_THE DATA_
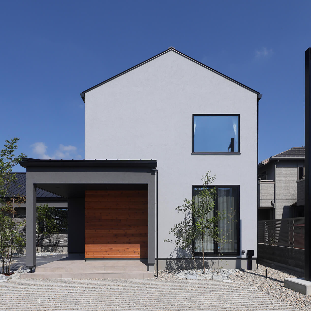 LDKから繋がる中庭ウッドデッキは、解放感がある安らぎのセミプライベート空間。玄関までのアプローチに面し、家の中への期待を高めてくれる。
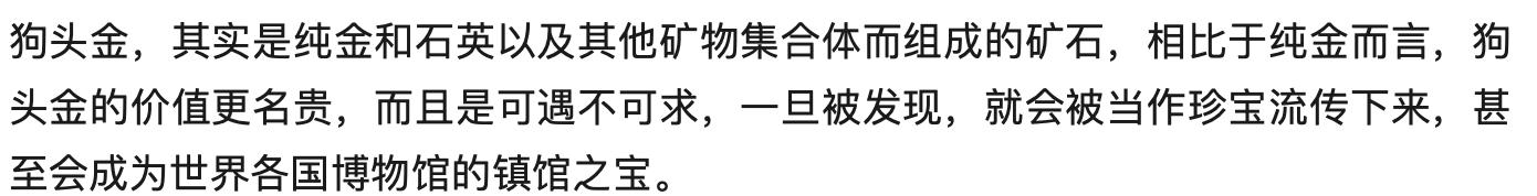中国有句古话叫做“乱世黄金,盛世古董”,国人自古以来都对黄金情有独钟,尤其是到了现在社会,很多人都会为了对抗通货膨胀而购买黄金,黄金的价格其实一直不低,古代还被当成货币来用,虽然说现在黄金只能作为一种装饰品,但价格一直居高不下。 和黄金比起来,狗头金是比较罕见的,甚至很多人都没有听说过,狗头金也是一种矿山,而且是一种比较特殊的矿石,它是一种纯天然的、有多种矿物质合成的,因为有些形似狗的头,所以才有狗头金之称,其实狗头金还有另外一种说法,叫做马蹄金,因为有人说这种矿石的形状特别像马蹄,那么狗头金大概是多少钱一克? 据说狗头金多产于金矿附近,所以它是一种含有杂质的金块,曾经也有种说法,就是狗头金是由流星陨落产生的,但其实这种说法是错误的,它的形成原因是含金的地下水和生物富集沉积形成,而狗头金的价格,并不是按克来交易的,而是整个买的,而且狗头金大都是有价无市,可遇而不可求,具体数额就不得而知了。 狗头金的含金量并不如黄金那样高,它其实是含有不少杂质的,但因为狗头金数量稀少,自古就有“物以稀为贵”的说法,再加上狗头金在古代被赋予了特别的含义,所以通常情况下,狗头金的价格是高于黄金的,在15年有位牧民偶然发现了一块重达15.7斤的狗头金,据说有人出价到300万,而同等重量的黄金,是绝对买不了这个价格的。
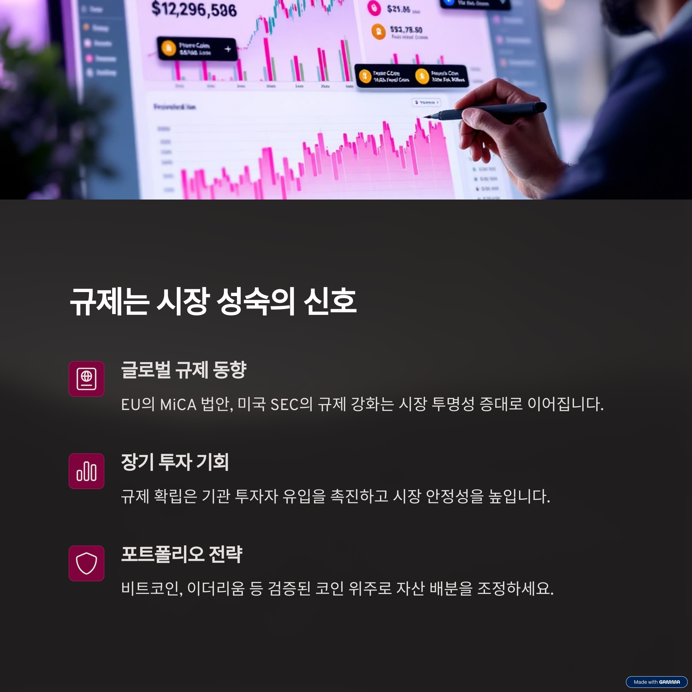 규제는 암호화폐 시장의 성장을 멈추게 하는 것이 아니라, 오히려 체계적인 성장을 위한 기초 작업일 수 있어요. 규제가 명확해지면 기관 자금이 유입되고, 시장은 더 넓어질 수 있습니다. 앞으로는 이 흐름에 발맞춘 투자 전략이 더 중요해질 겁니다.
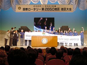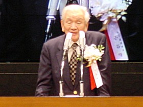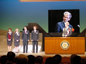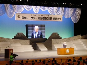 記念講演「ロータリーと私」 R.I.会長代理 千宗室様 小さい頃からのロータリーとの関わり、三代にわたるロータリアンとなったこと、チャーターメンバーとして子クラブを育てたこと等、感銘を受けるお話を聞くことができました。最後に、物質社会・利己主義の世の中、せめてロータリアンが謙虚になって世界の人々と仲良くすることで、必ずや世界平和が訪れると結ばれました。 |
...
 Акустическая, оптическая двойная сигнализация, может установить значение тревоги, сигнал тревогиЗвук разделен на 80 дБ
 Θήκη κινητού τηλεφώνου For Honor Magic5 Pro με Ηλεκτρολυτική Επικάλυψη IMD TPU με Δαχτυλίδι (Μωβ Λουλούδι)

_PROBLEM REQUIREMENTS_
From the records above, quote word for word only the lines beginning at the line that has "규제는 암호화폐 시장의" and stopping after the line that has "記念講演「ロータリーと私」 R.I.会長代理 千宗室様". Omit the pictures.

_YOUR RESPONSE_
 규제는 암호화폐 시장의 성장을 멈추게 하는 것이 아니라, 오히려 체계적인 성장을 위한 기초 작업일 수 있어요. 규제가 명확해지면 기관 자금이 유입되고, 시장은 더 넓어질 수 있습니다. 앞으로는 이 흐름에 발맞춘 투자 전략이 더 중요해질 겁니다.
 記念講演「ロータリーと私」 R.I.会長代理 千宗室様 小さい頃からのロータリーとの関わり、三代にわたるロータリアンとなったこと、チャーターメンバーとして子クラブを育てたこと等、感銘を受けるお話を聞くことができました。最後に、物質社会・利己主義の世の中、せめてロータリアンが謙虚になって世界の人々と仲良くすることで、必ずや世界平和が訪れると結ばれました。 |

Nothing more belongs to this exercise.